Cruz and Britt assure Americans that the act does not impede states from implementing health and safety standards in their governance of IVF—but the bill says nothing about ensuring ethical standards. Such ethical standards include limiting the use of preimplantation genetic testing—wherein doctors can test an embryo for its sex, genetic makeup, potential IQ, and even features such as the child's eye color. Most nations limit the use of such technology, yet it is rampant in the United States. May states limit sex selection on the grounds of opposing the eugenic selection of a child? The act is again silent.
Worse, the act is notably lacking in key definitions. It defines IVF as “the practice whereby eggs are collected from ovaries and manually fertilized by sperm, for later placement inside of a uterus.” While this definition is fine for a popular-level explanation of IVF, it fails to account for standard variations of the procedure.
For example, one variation, Gamete Intrafallopian Transfer, extracts egg and sperm, but the moment of fertilization occurs within the woman's body, not before. Similarly, Zygote Intrafallopian Transfer places the embryo in a woman's fallopian tubes, and not her uterus. Or, what about treatments such as artificial insemination or intrauterine insemination where only sperm is extracted and placed in the woman? Are these common treatments not protected by the act since they fall outside of the provided definition of IVF?
>>> Why the IVF Industry Must Be Regulated
All these problems are byproducts of the act's most basic problem, which is its failure to grapple with how IVF is routinely practiced in the United States. In theory, IVF may seem unproblematic, but in reality, it raises many ethical issues.
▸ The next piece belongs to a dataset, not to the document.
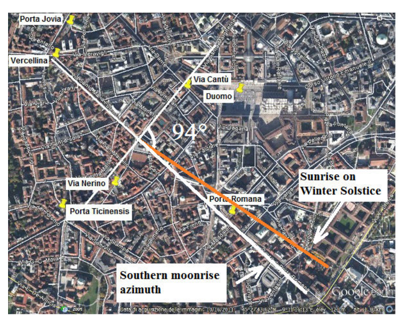
Figure 4: Directions of sunrise on the winter solstice and of the major southern moonrise azimuth. This last direction is coincident to that of the Decumanus.

Fertility clinics often artificially stimulate a woman's body to produce as many as 30 eggs at one time for the purpose of creating a surplus of embryos. This gives the clinics many options to test and select preferred embryos based on the embryonic child's sex, genetic makeup, or overall viability, but it can cause major health issues for women. Once selected, unwanted embryos are either destroyed, donated to research, or frozen indefinitely. One estimate shows that of the approximately 4.1 million embryos created each year in the United States, only 3 to 7 percent result in the live birth of a child. For the embryos involved, the success rate is very low.
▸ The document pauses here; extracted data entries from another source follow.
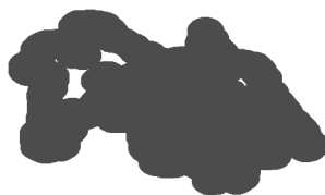
FIG. 2. Oversmoothed boundary estimation of the infarct area in Figure 1.

It is also worthwhile to observe that due to the presence of \varepsilon_n in both the numerator and denominator of (4), the variability of this estimator is not a monotone function of \varepsilon_n . This is in contrast to the usual behavior of nonparametric estimators (e.g., kernel density estimators).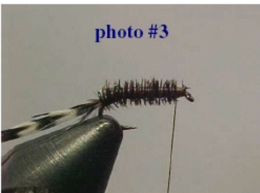
Photo # 3 Wrap the thread forward to the eye, then wrap the peacock herl to just short of the eye and tie off.

Photo # 2 Tie in the peacock herl at the bend.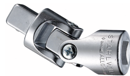
13020000 Universal joint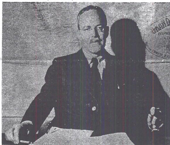
Allen Welsh Dulles, controversial OSS "master spy" in neutral Switzerland later director of the CIA. His wartime network stretched throughout Europe and into the heart of Hitler's Third Reich.

fluke. It's not really a function that they're oriented toward conducting, and it's something I think they'd just as soon get rid of.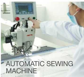
AUTOMATIC SEWING MACHINE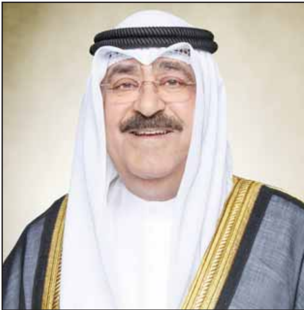
His Highness the Amir Sheikh Meshal Al-Ahmad Al-Jaber Al-Sabah

KUWAIT CITY, Feb 16, (KUNA): The Amiri Diwan on Monday conveyed congratulations of His Highness the Amir Sheikh Meshal Al-Ahmad Al-Jaber Al-Sabah to the citizens and residents of Kuwait on advent of the fasting month of Ramadan.

You may, like Cruz and Britt, be thinking “so what?” If no state wants to prohibit IVF, then the IVF Protection Act is a simple affirmation of Republican support for couples experiencing infertility, right? Not so fast. No federal laws currently govern IVF, and only one regulation—the Fertility Clinic Success Rate and Certification Act—requires clinics to report their success rates and basic birth outcomes to the Centers for Disease Control and Prevention. But by introducing an act that gives the federal government the right to dictate how states govern access to IVF, Cruz and Britt open the door for federal lawmakers and regulatory agencies to define, interpret, and apply this law as they see fit, which could lead to many unintended consequences.
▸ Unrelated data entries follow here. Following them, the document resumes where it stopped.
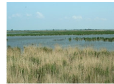
Great Fish Pond

The second day we will spend at the Great Fish Pond (Nagy Halastó) in Hortobágy which is regarded as a birding Eldorado in Hungary. Over 300 bird species have been observed here so far by birders and in almost every season ten and hundred thousands of birds can be seen. The system of fishponds of Hortobágy Halastó covering 2073 hectares was created in 1915 in an alkaline grassland area called Bad Lands. Formerly there were 17 ponds, while now 7 are out of use being covered by reed or other marsh vegetation. Great Fish Pond is a Ramsar site maintaining breeding and migrating waterfowl populations of outstanding importance, so it is considered as one of the most important water bird habitats in Europe.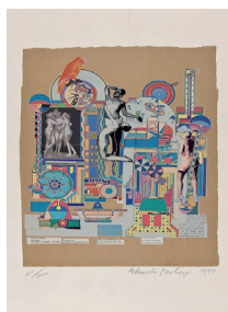
Untitled 1990 Eduardo Paolozzi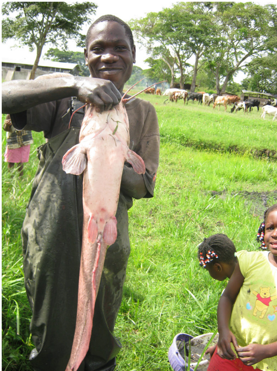
A Ugandan farmer with catfish broodstock, photographed in 2011 by Anton Immink.

Cruz and Britt's political folly lies in their uncritical focus on supporting the fertility industry, rather than the best interests of parents, women, and children. It's time for Republicans to recognize that the ground is shifting beneath their feet and regulate IVF according to the highest standard of medical and ethical care that prioritizes parents, not the profits of the self-regulated fertility industry.